SUPPLIED MATERIAL —
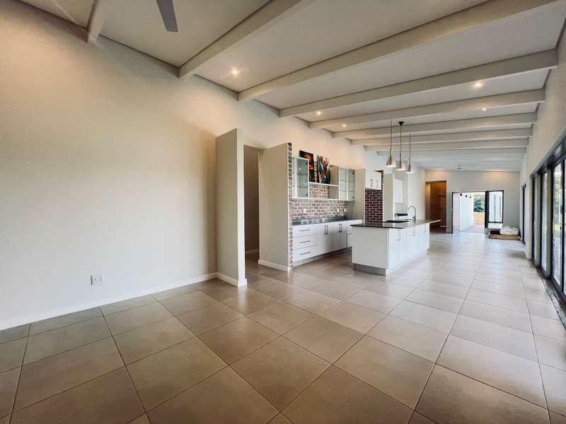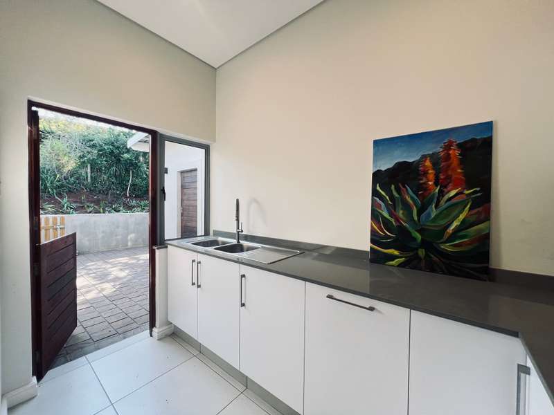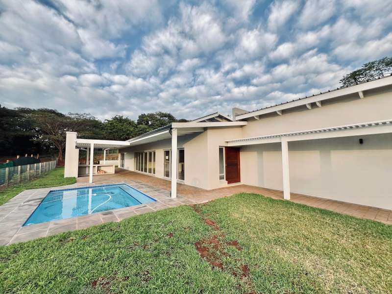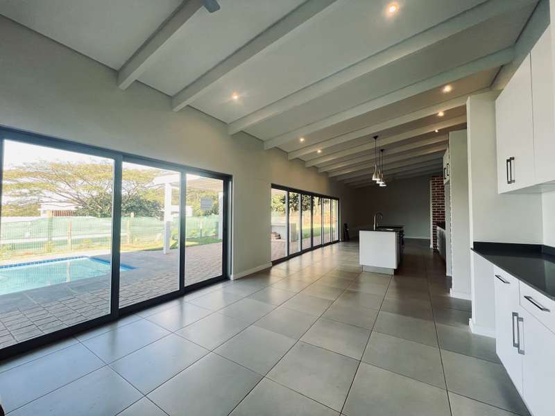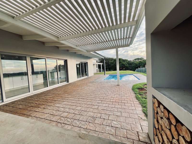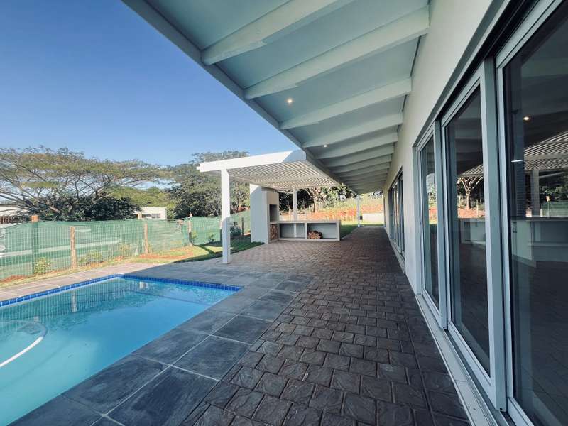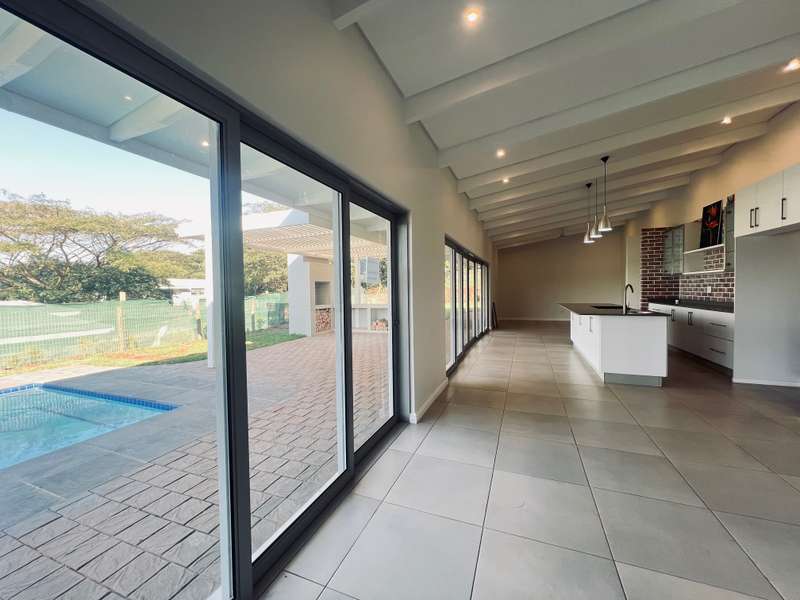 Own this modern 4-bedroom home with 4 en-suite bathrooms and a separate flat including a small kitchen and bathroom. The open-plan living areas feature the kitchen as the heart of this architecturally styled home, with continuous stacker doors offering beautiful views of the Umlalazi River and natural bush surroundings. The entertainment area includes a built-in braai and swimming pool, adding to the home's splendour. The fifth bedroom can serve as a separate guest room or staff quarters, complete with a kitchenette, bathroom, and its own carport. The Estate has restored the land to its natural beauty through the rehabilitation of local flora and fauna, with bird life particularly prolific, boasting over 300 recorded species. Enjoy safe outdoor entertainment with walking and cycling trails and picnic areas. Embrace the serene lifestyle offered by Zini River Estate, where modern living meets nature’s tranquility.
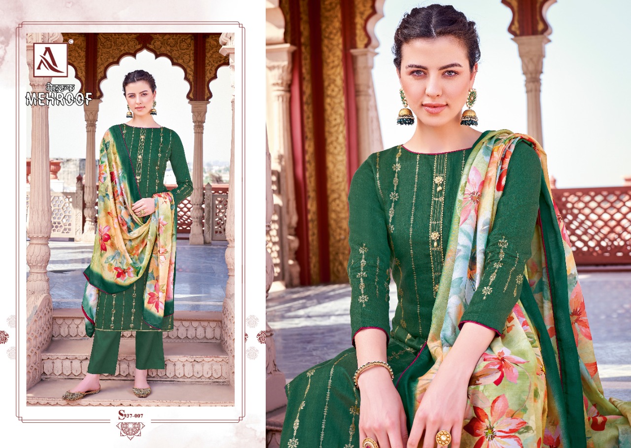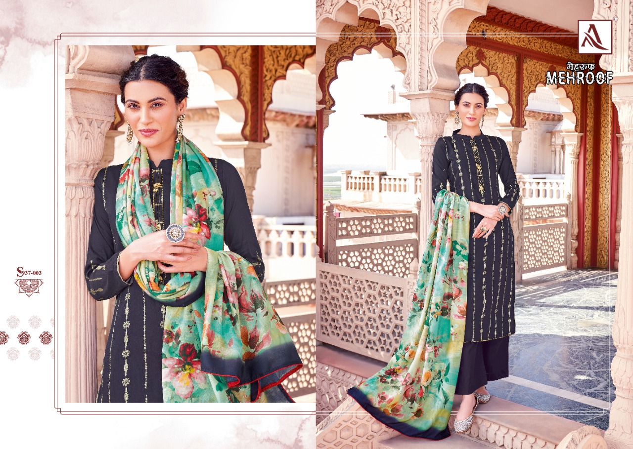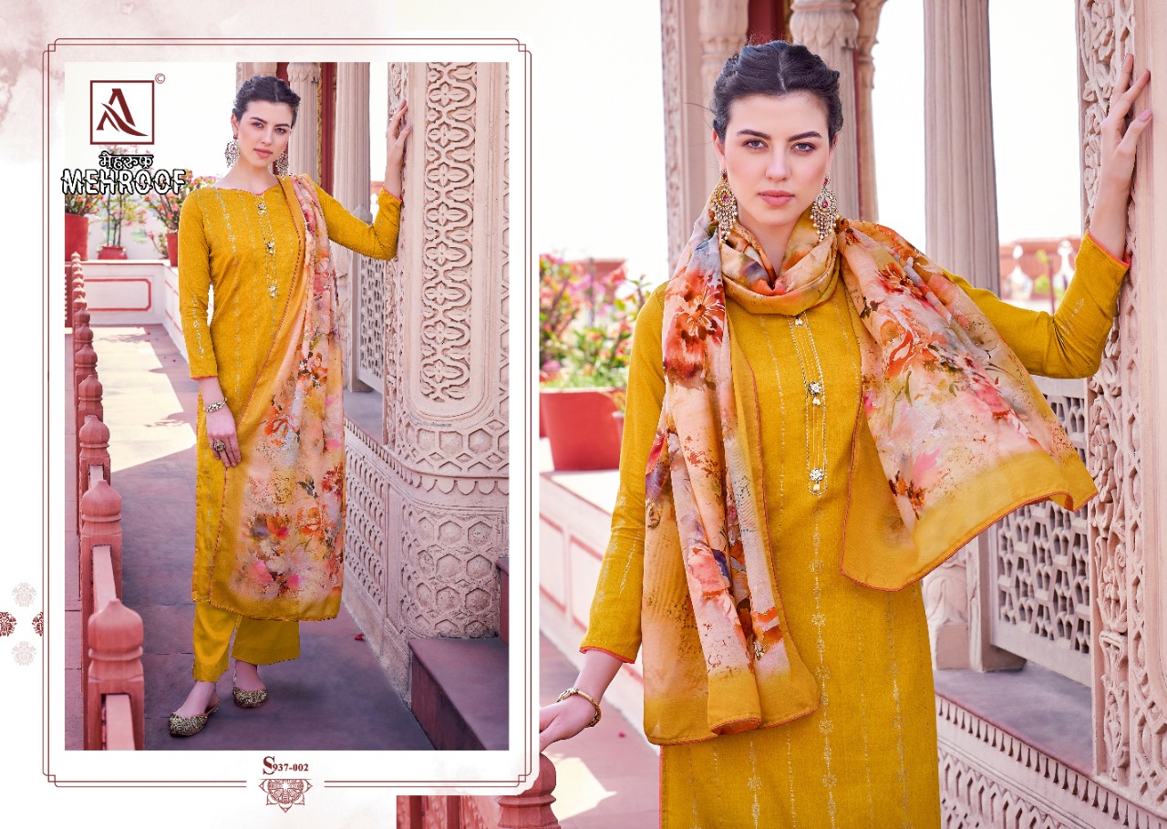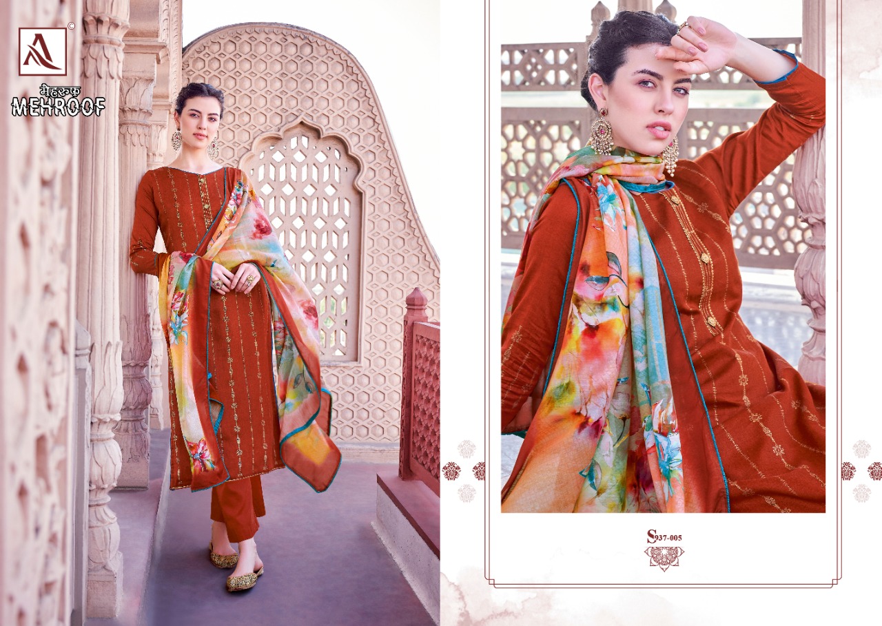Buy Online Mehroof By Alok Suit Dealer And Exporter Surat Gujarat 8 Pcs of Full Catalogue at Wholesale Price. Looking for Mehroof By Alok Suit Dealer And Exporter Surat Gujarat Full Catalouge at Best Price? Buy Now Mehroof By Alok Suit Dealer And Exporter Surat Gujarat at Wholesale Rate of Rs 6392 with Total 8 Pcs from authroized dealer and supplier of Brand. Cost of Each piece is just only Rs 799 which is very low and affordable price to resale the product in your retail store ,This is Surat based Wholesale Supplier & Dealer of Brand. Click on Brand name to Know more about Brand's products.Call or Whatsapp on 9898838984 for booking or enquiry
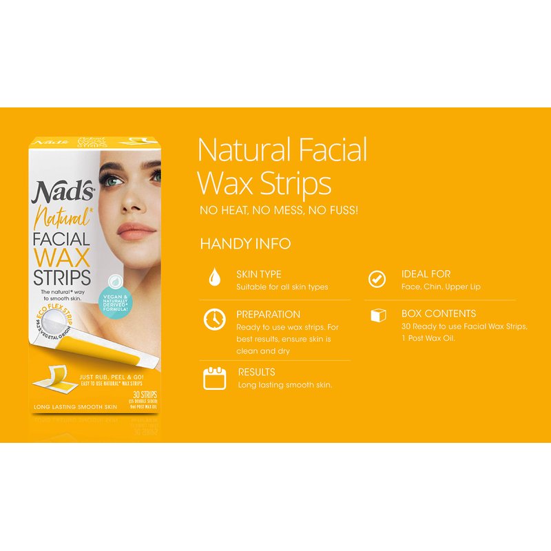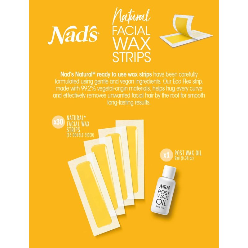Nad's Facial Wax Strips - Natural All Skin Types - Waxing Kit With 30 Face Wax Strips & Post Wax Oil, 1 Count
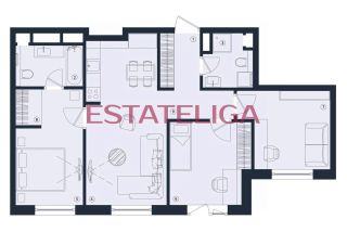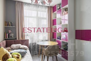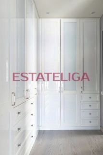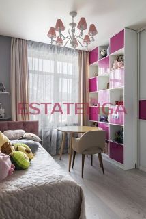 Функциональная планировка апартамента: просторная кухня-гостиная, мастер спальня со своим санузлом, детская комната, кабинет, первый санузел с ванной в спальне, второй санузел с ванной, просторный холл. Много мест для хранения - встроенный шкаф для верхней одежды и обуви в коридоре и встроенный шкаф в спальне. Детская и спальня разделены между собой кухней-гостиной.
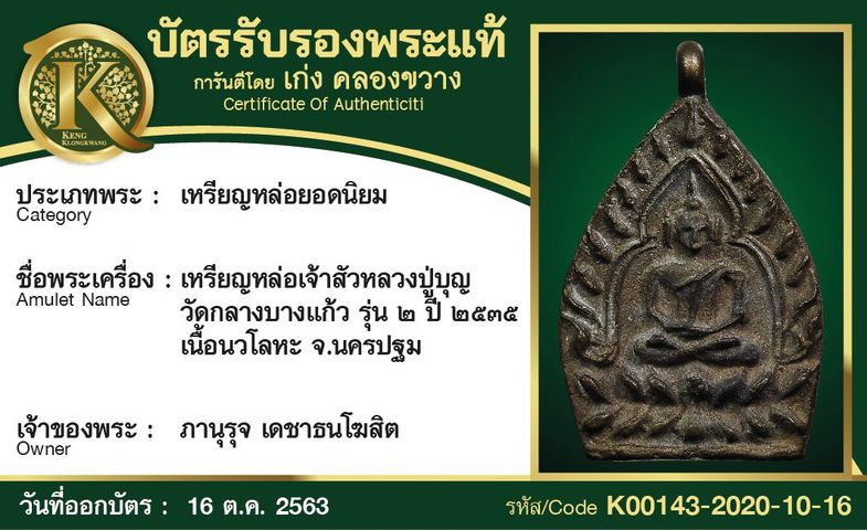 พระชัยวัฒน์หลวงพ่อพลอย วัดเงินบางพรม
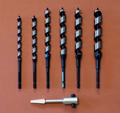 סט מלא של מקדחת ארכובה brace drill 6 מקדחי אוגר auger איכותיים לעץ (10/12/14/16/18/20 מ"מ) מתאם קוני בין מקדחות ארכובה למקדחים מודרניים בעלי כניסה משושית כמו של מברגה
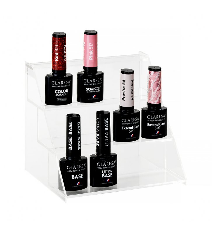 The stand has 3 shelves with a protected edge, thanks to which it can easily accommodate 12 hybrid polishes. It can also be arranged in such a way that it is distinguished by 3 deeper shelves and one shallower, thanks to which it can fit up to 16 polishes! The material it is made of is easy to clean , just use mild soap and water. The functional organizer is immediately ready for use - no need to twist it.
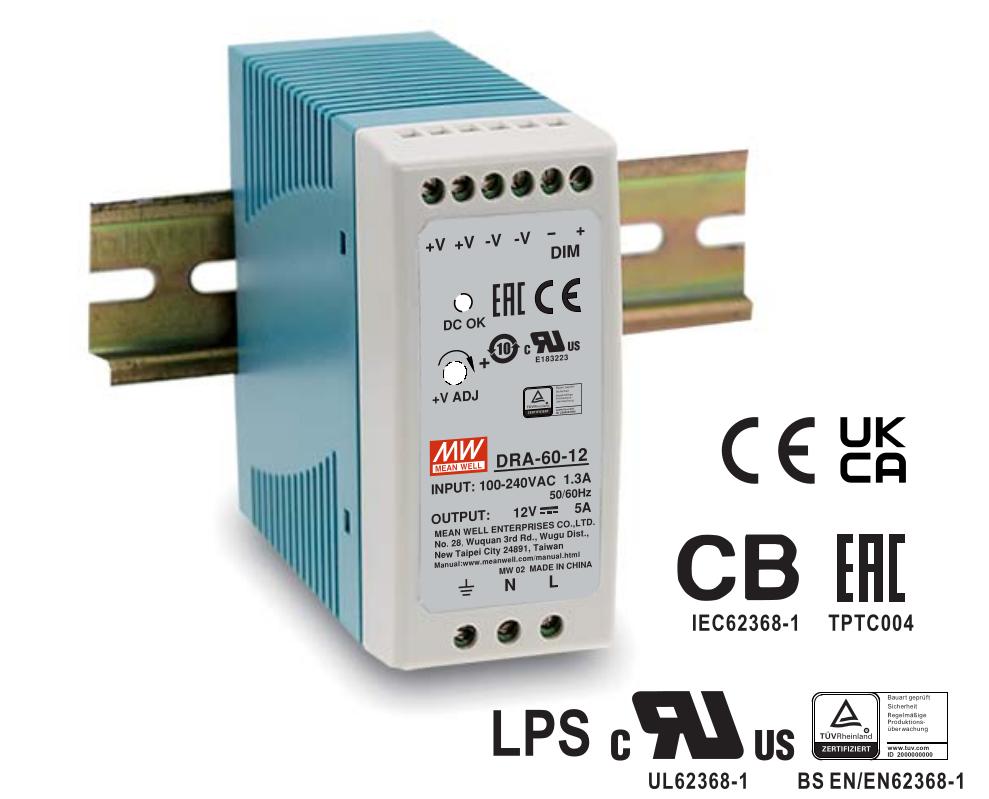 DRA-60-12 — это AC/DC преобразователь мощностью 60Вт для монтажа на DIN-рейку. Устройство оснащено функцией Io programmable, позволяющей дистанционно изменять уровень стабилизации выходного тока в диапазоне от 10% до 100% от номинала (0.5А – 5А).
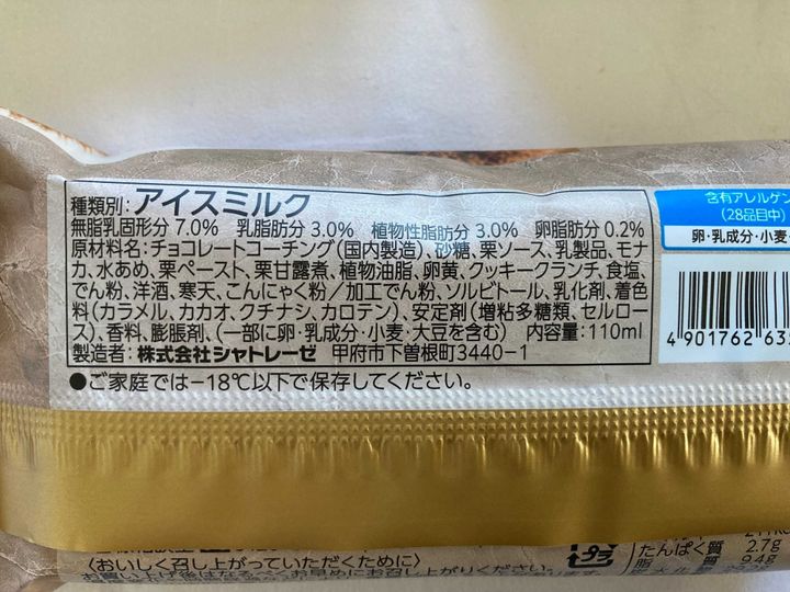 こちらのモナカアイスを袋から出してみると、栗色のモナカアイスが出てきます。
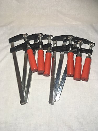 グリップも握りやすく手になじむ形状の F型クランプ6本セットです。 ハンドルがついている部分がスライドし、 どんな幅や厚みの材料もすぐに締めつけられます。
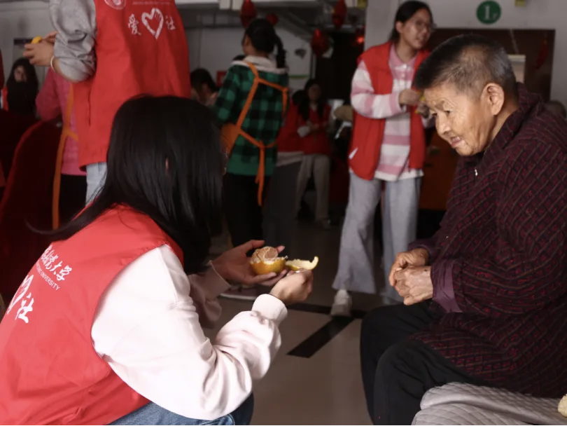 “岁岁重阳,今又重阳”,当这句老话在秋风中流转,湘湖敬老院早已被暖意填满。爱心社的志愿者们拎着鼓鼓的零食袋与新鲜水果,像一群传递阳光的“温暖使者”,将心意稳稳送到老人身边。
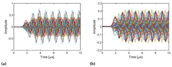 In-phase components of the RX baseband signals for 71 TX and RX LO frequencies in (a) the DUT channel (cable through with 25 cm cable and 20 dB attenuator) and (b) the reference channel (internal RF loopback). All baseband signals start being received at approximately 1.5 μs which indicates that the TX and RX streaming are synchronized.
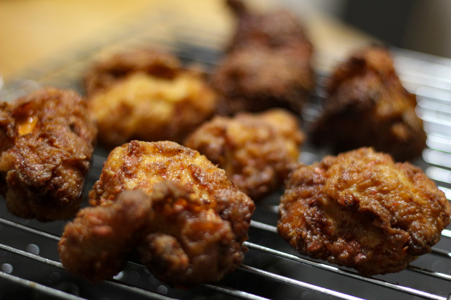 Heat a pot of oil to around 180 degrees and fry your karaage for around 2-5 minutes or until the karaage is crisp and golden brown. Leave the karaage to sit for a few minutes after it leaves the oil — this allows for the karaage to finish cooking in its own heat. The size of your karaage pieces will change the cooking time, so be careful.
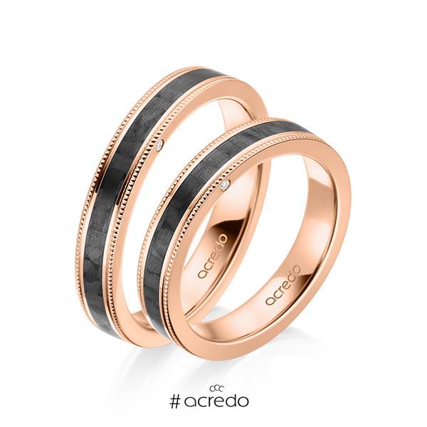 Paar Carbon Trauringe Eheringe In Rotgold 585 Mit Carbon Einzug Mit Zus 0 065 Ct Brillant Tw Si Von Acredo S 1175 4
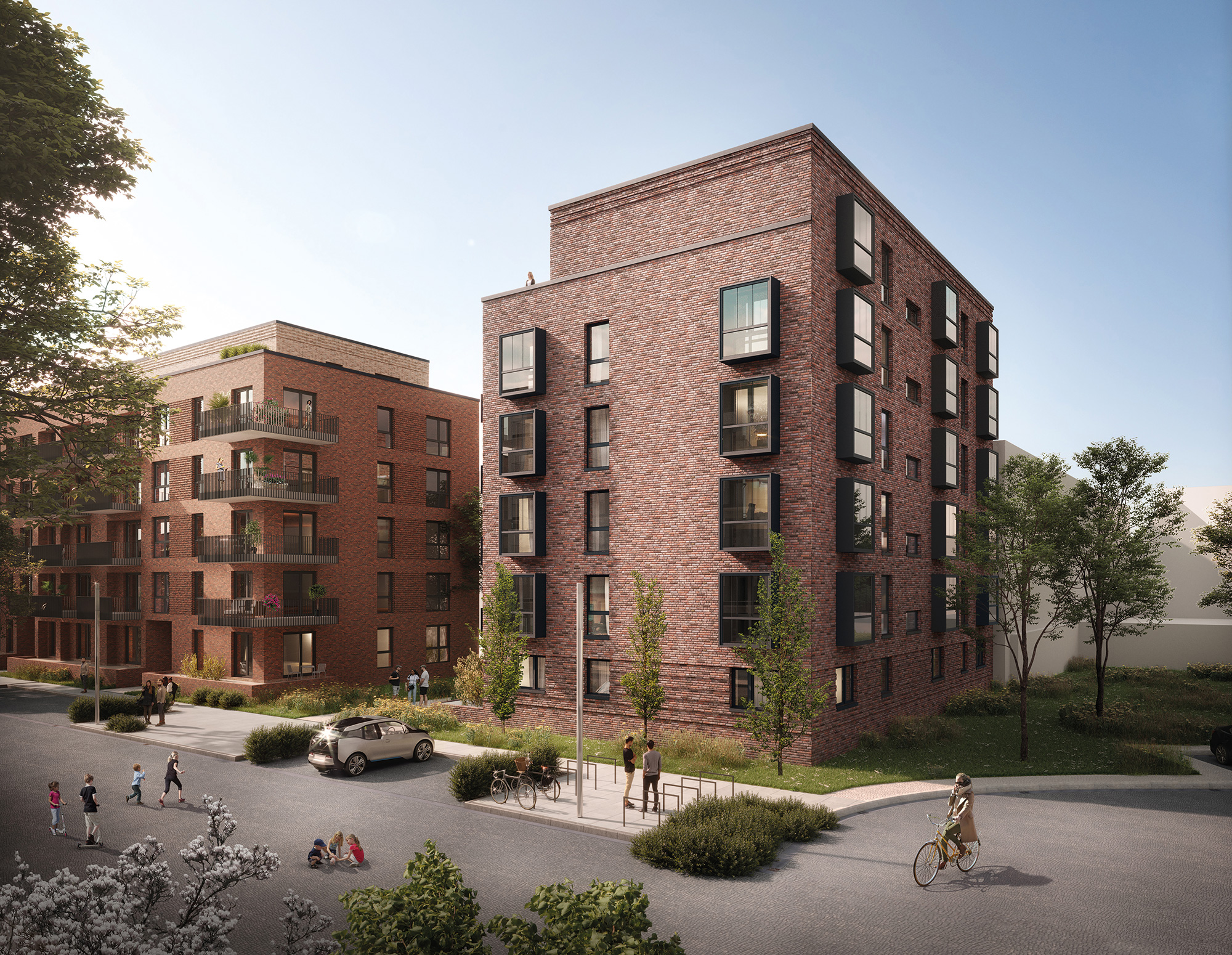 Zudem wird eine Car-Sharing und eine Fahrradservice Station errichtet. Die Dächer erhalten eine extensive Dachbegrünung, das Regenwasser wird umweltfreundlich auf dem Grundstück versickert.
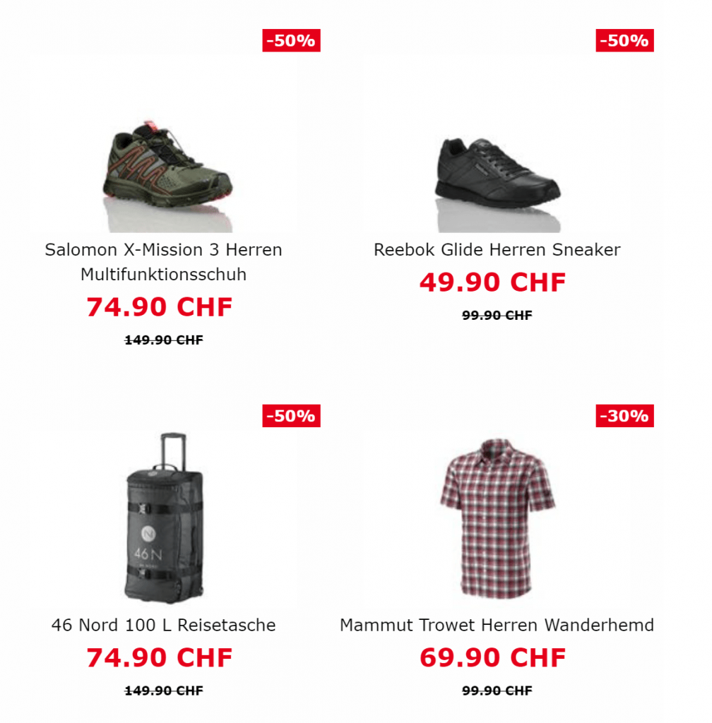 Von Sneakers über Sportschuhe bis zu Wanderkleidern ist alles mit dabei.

TASK STATEMENT — Using the records above, repeat exactly the run of lines that starts with the line with "DRA-60-12 — это" and goes on through the line with "In-phase components of"; omit each picture.

RESPONSE AREA —
 DRA-60-12 — это AC/DC преобразователь мощностью 60Вт для монтажа на DIN-рейку. Устройство оснащено функцией Io programmable, позволяющей дистанционно изменять уровень стабилизации выходного тока в диапазоне от 10% до 100% от номинала (0.5А – 5А).
 こちらのモナカアイスを袋から出してみると、栗色のモナカアイスが出てきます。
 グリップも握りやすく手になじむ形状の F型クランプ6本セットです。 ハンドルがついている部分がスライドし、 どんな幅や厚みの材料もすぐに締めつけられます。
 “岁岁重阳,今又重阳”,当这句老话在秋风中流转,湘湖敬老院早已被暖意填满。爱心社的志愿者们拎着鼓鼓的零食袋与新鲜水果,像一群传递阳光的“温暖使者”,将心意稳稳送到老人身边。
 In-phase components of the RX baseband signals for 71 TX and RX LO frequencies in (a) the DUT channel (cable through with 25 cm cable and 20 dB attenuator) and (b) the reference channel (internal RF loopback). All baseband signals start being received at approximately 1.5 μs which indicates that the TX and RX streaming are synchronized.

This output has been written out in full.